The technique was popularized by Johnny Long in the early 2000s when he began cataloging search queries that revealed security vulnerabilities. His work became the Google Hacking Database (GHDB), which is now maintained by Exploit-DB and contains thousands of proven dorks organized by category.

💡
Why dorking matters for security

Before spending hours on port scanning or vulnerability testing, a few well-crafted Google dorks can reveal exposed admin panels, leaked credentials, misconfigured servers, and sensitive documents in minutes. It is often the fastest way to identify low-hanging fruit during the reconnaissance phase of an authorized assessment.

⚠️
Authorization required.

Only use Google dorking against targets you are explicitly authorized to test. Using these techniques against systems without permission may violate computer access laws in your jurisdiction. For practice, use your own domains, intentionally vulnerable labs, or CTF challenges.

Core Search Operators

Google supports a set of advanced operators that filter results with precision. These are the building blocks of every dork. Understanding each operator individually is essential before combining them into complex queries.

site:

Restricts results to a specific domain or subdomain. This is the most frequently used operator in security assessments because it limits your search to the target's web presence.

# All indexed pages on a domain
site:example.com

# Only results from a specific subdomain
site:dev.example.com

# All subdomains (exclude the main site)
site:*.example.com -site:www.example.com

filetype: / ext:

Searches for specific file extensions. filetype: and ext: are interchangeable on Google. This operator is critical for finding documents, configuration files, backups, and database dumps.

# Find PDF documents
site:example.com filetype:pdf

# Find configuration files
site:example.com filetype:env OR filetype:ini OR filetype:conf OR filetype:cfg

# Find backup files
site:example.com filetype:bak OR filetype:old OR filetype:backup

# Find database dumps
site:example.com filetype:sql OR filetype:db OR filetype:sqlite

# Find spreadsheets that may contain sensitive data
site:example.com filetype:xlsx OR filetype:csv

intitle:

Matches pages where the specified text appears in the HTML <title> tag. Web servers and applications generate predictable titles for directory listings, error pages, and admin interfaces -- making this operator highly effective for finding them.

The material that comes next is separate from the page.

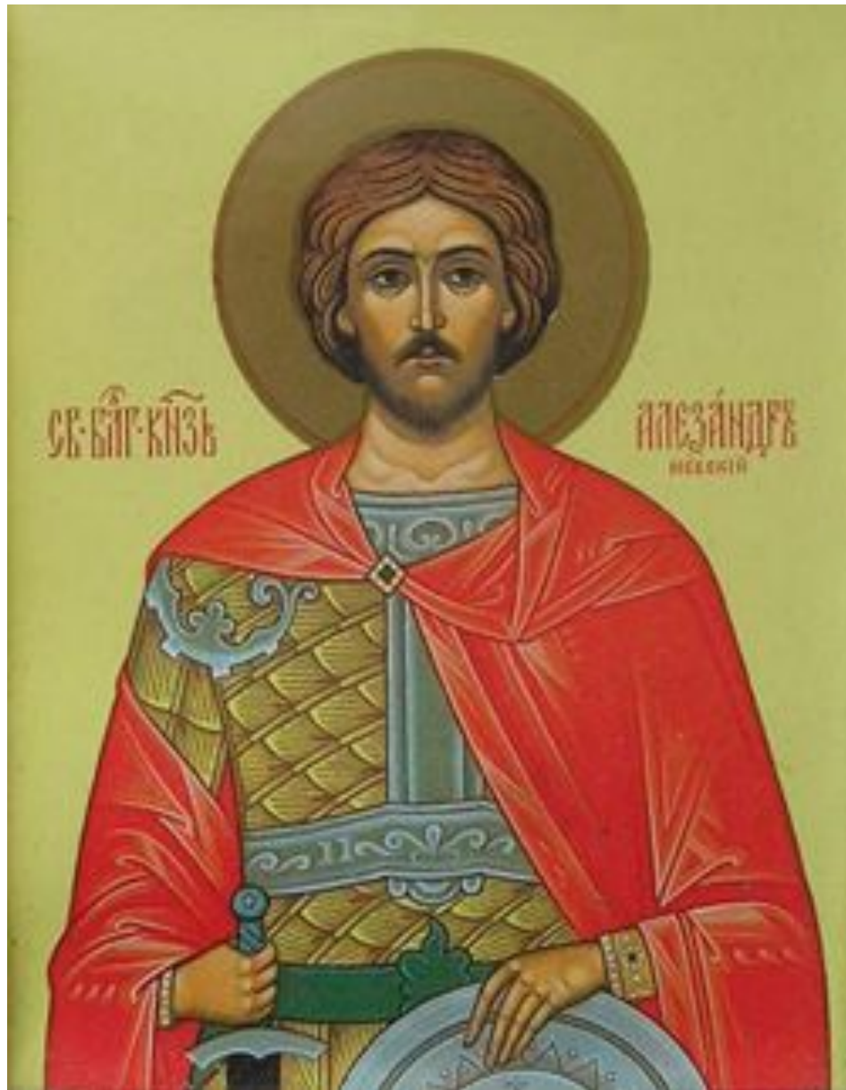
Икона «Святой благочестивый Александр Невский»

# Find directory listings (Apache/Nginx auto-generated index)
intitle:"index of" site:example.com

# Find error pages that leak server information
intitle:"404 Not Found" site:example.com
intitle:"500 Internal Server Error" site:example.com

# Find admin or management panels
intitle:"admin" OR intitle:"dashboard" OR intitle:"control panel" site:example.com

inurl:

Matches pages where the specified text appears anywhere in the URL. Login pages, admin panels, and API endpoints often have predictable URL patterns.

# Find login pages
inurl:login OR inurl:signin OR inurl:auth site:example.com

# Find admin interfaces
inurl:admin OR inurl:administrator OR inurl:wp-admin site:example.com

# Find API endpoints
inurl:api OR inurl:/v1/ OR inurl:/v2/ site:example.com

# Find phpMyAdmin or database tools
inurl:phpmyadmin OR inurl:adminer site:example.com

intext:

Searches the body text of pages. Useful for finding specific strings like error messages, software version numbers, or configuration values that appear in page content.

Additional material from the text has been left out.